Paris (awp/afp) - BFMTV et RMC changent officiellement de pavillon: le rachat de leur maison mère, Altice Media, par l'armateur CMA CGM du milliardaire Rodolphe Saadé a été finalisé mardi, ce qui marque un bouleversement majeur du paysage médiatique français.

Annoncé mi-mars à la surprise générale, ce rachat au groupe Altice de l'homme d'affaires Patrick Drahi avait reçu vendredi le feu vert du régulateur de l'audiovisuel, l'Arcom, et de l'Autorité de la concurrence.

"Après avoir reçu l'approbation des autorités règlementaires compétentes, et faisant suite à l'annonce du 15 mars dernier, le groupe CMA CGM et Merit France (holding familiale du groupe) ont finalisé ce jour l'acquisition de 100% du capital d'Altice Media", a indiqué CMA CGM.

Dirigé par le milliardaire franco-libanais Rodolphe Saadé, l'armateur marseillais avait précisé le 15 mars que le montant de la transaction était de 1,55 milliard d'euros.

Avec ce rachat, M. Saadé et CMA CGM ajoutent une grosse pierre à l'empire médiatique qu'ils construisent, deux ans seulement après avoir mis le pied dans le secteur.

Indépendance

Durant cette période, M. Saadé a mis la main sur le journal La Tribune et le groupe La Provence (quotidiens régionaux La Provence et Corse Matin), en plus de participations dans M6 et le média vidéo en ligne Brut.

Mi-mai, CMA CGM a recruté le patron sortant de M6, Nicolas de Tavernost, comme vice-président de sa nouvelle holding CMA Médias.

Mais la construction de ce nouveau géant des médias a provoqué des craintes sur le plan de l'indépendance.

En mars, les journalistes de la Provence ont fait grève pendant 72 heures.
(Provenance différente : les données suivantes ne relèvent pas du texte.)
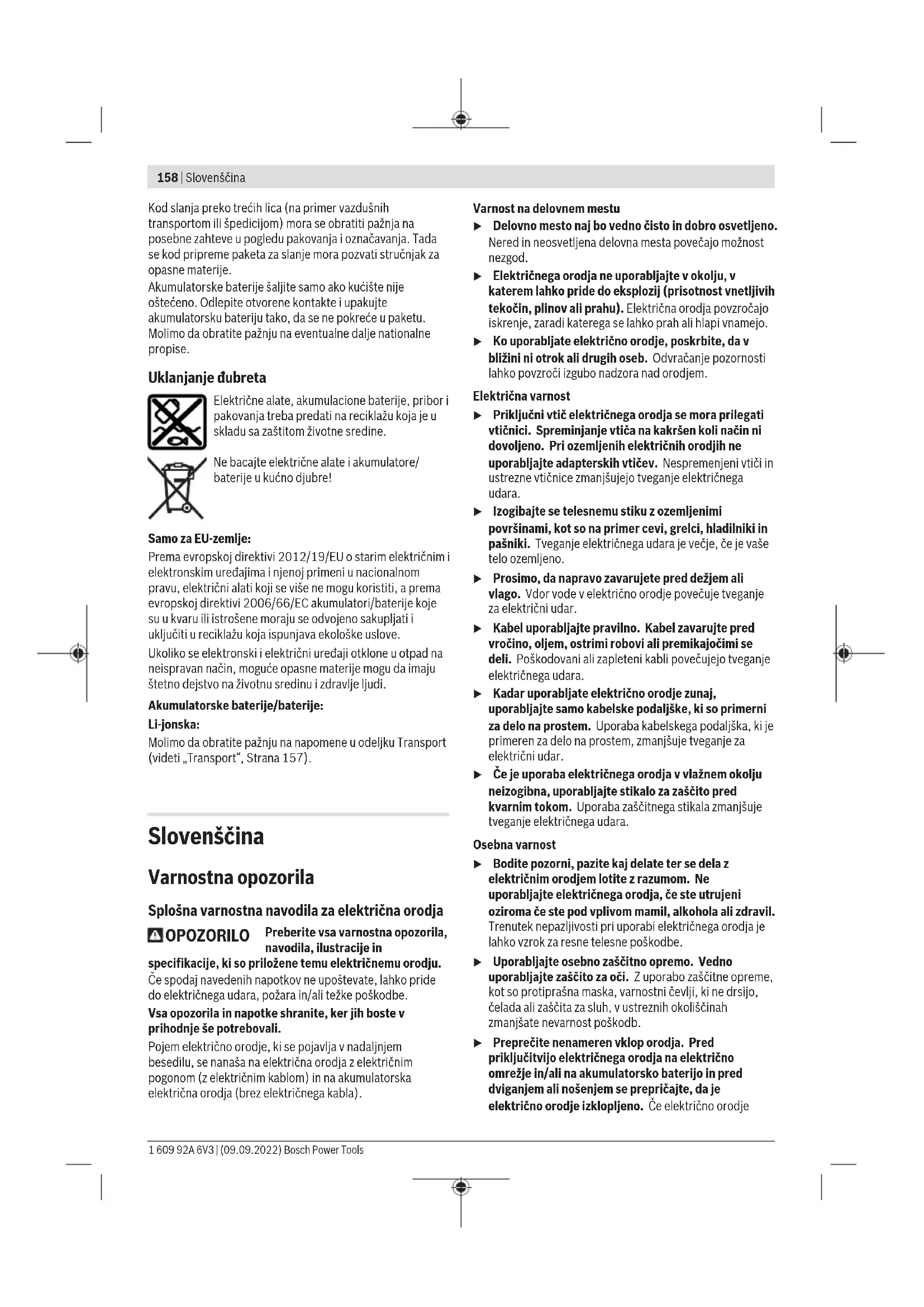 6mm 2–20 8mm 10–40 10mm 20–60 12mm 30–80 – Snagu udarca podesite na najveći stepen. – Umetnite odgovarajuću traku spajalica(14). – Glave heftalice za papir/odstojnika(13) jednu za drugom pričvrstite u otvore za heftalicu za papir(11) na električnom alatu. Imajte na umu da samo otvor1 odgovara za heftanje papira. – Papire stavite u heftalicu za papir/odstojnik(13) i glavu heftalice pozicionirajte iznad dela papira koje želite da zaheftate. – Električni alat pritisnite čvrsto nadole, tako da glava heftalice(1) bude potpuno utisnuta. – Održavajte pritisak i kratko pritisnite okidač(2). – Nakon potpunog zakivanja spajalice, otpustite okidač(2) i podignite glavu heftalice(1) sa papira. Heftanje sa ravnomernim rastojanjem od ivice materijala (videtislikeC1−C2) Napomena: Odstojnik(13) za heftanje sa ravnomernim rastojanjem mora ravnomerno da ulegne u otvore(10) na električnom alatu. Otvori 2–7(10) Rastojanje Otvor 2 1cm Otvor 3 3cm Otvor 4 5cm Otvor 5 7cm Otvor 6 9cm Otvor 7 11cm – Umetnite odgovarajuću traku spajalica(14) ili traku eksera(15). – Glave heftalice za papir/odstojnika(13) jednu za drugom pričvrstite u otvor(10) na električnom alatu koji označava odgovarajuće rastojanje od ivice materijala. Imajte na umu da otvor1 ne odgovara za heftanje sa ravnomernim rastojanjem. – Pritisnite fleksibilnu donju stranu heftalice za papir/ odstojnika(13) u smeru električnog alata tako da ulegne. – Električni alat vodite ravno preko radnog komada, tako da se ivica radnog komada nalazi na prednjoj ivici heftalice za papir/odstojnika(13). – Električni alat pritisnite čvrsto nadole, tako da glava heftalice(1) bude potpuno utisnuta. – Održavajte pritisak i kratko pritisnite okidač(2). – Nakon potpunog zakivanja spajalice/eksera, otpustite okidač(2) i pomerite glavu heftalice(1) duž ivice radnog komada. – Postavite sledeću spajalicu ili sledeći ekser. Održavanje i servis Održavanje i čišćenje u Izvadite bateriju pre svih radova na električnom alatu (na primer održavanja, promene pribora itd.) kao i kod njegovog transporta i čuvanja. Kod slučajnog aktiviranja prekidača za uključivanje/isključivanje postoji opasnost od povrede. u Držite električni alat i proreze za ventilaciju čiste, da bi dobro i sigurno radili. Servis i saveti za upotrebu Servis odgovara na vaša pitanja u vezi sa popravkom i održavanjem vašeg proizvoda kao i u vezi sa rezervnim delovima. Šematske prikaze i informacije u vezi rezervnih delova naći ćete i pod: www.bosch-pt.com Bosch tim za konsultacije vam rado pomaže tokom primene, ukoliko imate pitanja o našim proizvodima i njihovom priboru. Molimo da kod svih pitanja i naručivanja rezervnih delova neizostavno navedete broj artikla sa 10brojčanih mesta prema tipskoj pločici proizvoda. Srpski Bosch Elektroservis Dimitrija Tucovića 59 11000 Beograd Tel.: +381 11 644 8546 Tel.: +381 11 744 3122 Tel.: +381 11 641 6291 Fax: +381 11 641 6293 E-Mail: office@servis-bosch.rs www.bosch-pt.rs Dodatne adrese servisa pogledajte na: www.bosch-pt.com/serviceaddresses Transport Preporučeni litijum-jonski akumulatori podležu zahtevima propisa o opasnim materijama. Korisnik može bez dodatnih uslova transportovati akumulatore na drumu. Bosch Power Tools 1 609 92A 6V3 | (09.09.2022)158 | Slovenščina Kod slanja preko trećih lica (na primer vazdušnih transportom ili špedicijom) mora se obratiti pažnja na posebne zahteve u pogledu pakovanja i označavanja. Tada se kod pripreme paketa za slanje mora pozvati stručnjak za opasne materije. Akumulatorske baterije šaljite samo ako kućište nije oštećeno. Odlepite otvorene kontakte i upakujte akumulatorsku bateriju tako, da se ne pokreće u paketu. Molimo da obratite pažnju na eventualne dalje nationalne propise. Uklanjanje đubreta Električne alate, akumulacione baterije, pribor i pakovanja treba predati na reciklažu koja je u skladu sa zaštitom životne sredine. Ne bacajte električne alate i akumulatore/ baterije u kućno djubre! Samo za EU‑zemlje: Prema evropskoj direktivi 2012/19/EU o starim električnim i elektronskim uređajima i njenoj primeni u nacionalnom pravu, električni alati koji se više ne mogu koristiti, a prema evropskoj direktivi 2006/66/EC akumulatori/baterije koje su u kvaru ili istrošene moraju se odvojeno sakupljati i uključiti u reciklažu koja ispunjava ekološke uslove. Ukoliko se elektronski i električni uređaji otklone u otpad na neispravan način, moguće opasne materije mogu da imaju štetno dejstvo na životnu sredinu i zdravlje ljudi. Akumulatorske baterije/baterije: Li-jonska: Molimo da obratite pažnju na napomene u odeljku Transport (videti „Transport“, Strana157). Slovenščina Varnostna opozorila Splošna varnostna navodila za električna orodja OPOZORILO Preberite vsa varnostna opozorila, navodila, ilustracije in specifikacije, ki so priložene temu električnemu orodju. Če spodaj navedenih napotkov ne upoštevate, lahko pride do električnega udara, požara in/ali težke poškodbe. Vsa opozorila in napotke shranite, ker jih boste v prihodnje še potrebovali. Pojem električno orodje, ki se pojavlja v nadaljnjem besedilu, se nanaša na električna orodja z električnim pogonom (z električnim kablom) in na akumulatorska električna orodja (brez električnega kabla). Varnost na delovnem mestu u Delovno mesto naj bo vedno čisto in dobro osvetljeno. Nered in neosvetljena delovna mesta povečajo možnost nezgod. u Električnega orodja ne uporabljajte v okolju, v katerem lahko pride do eksplozij (prisotnost vnetljivih tekočin, plinov ali prahu). Električna orodja povzročajo iskrenje, zaradi katerega se lahko prah ali hlapi vnamejo. u Ko uporabljate električno orodje, poskrbite, da v bližini ni otrok ali drugih oseb. Odvračanje pozornosti lahko povzroči izgubo nadzora nad orodjem. Električna varnost u Priključni vtič električnega orodja se mora prilegati vtičnici. Spreminjanje vtiča na kakršen koli

Ils protestaient contre la mise à pied du directeur de la rédaction, après une une sur la visite d'Emmanuel Macron à Marseille jugée "ambiguë" par la direction.

Jeudi, les syndicats et la direction de La Provence ont signé une "charte d'indépendance éditoriale et de déontologie", qui garantit la protection des journalistes à l'égard de "toute forme de pression".

Toujours en mars, Rodolphe Saadé avait tenté de rassurer le personnel d'Altice Media au sujet des emplois et sa volonté de ne pas interférer directement dans le travail des rédactions.

Lundi, le PDG d'Altice France Arthur Dreyfus a annoncé en interne qu'une prime exceptionnelle de 3.000 euros bruts allait être accordée aux salariés d'Altice Media, pour les "remercier" avant la finalisation du rachat.

Altice Media, qui s'appelait NextRadioTV jusqu'en 2021, a été progressivement cédé à Patrick Drahi par Alain Weill à partir de 2015. Le groupe comprend la chaîne info BFMTV, la radio RMC et les chaînes de la TNT RMC Découverte et RMC Story.

Concurrence de CNews

Dirigée par Marc-Olivier Fogiel, BFMTV a longtemps été numéro un de l'information continue en France. Mais en mai puis en juin, elle a été doublée par CNews, filiale de Vivendi, groupe du milliardaire conservateur Vincent Bolloré.

Tout en autorisant le rachat par CMA CGM vendredi, l'autorité de la concurrence l'a subordonné au respect d'engagements, concernant le marché publicitaire dans le sud de la France, où CMA CGM possède désormais La Provence et les chaînes locales BFM Paca.

CMA CGM a également pris des engagements auprès de l'Arcom.

Ils sont notamment relatifs "au pluralisme, à l'honnêteté et l'indépendance de l'information et des programmes", avait indiqué le régulateur dans un communiqué, alors que BFMTV postule au renouvellement de sa fréquence TNT (télévision numérique terrestre).

Dans le cadre du feu vert de l'Arcom, deux chaînes locales de BFM, BFM Lyon et BFM Alsace, doivent cesser d'émettre sur la TNT pour migrer en ligne.

En effet, leurs autorisations dataient respectivement de 2021 et 2023. Or, la loi interdit de céder une chaîne dans les cinq ans qui suivent l'attribution de leur fréquence TNT.

La cession d'Altice Media s'inscrit dans une stratégie de désendettement d'Altice.

Outre une dette importante, le groupe est secoué depuis plus d'un an par un scandale de corruption qui implique Armando Pereira, son cofondateur et dirigeant de la filiale portugaise.

Une enquête a été ouverte en France sur ces soupçons de corruption.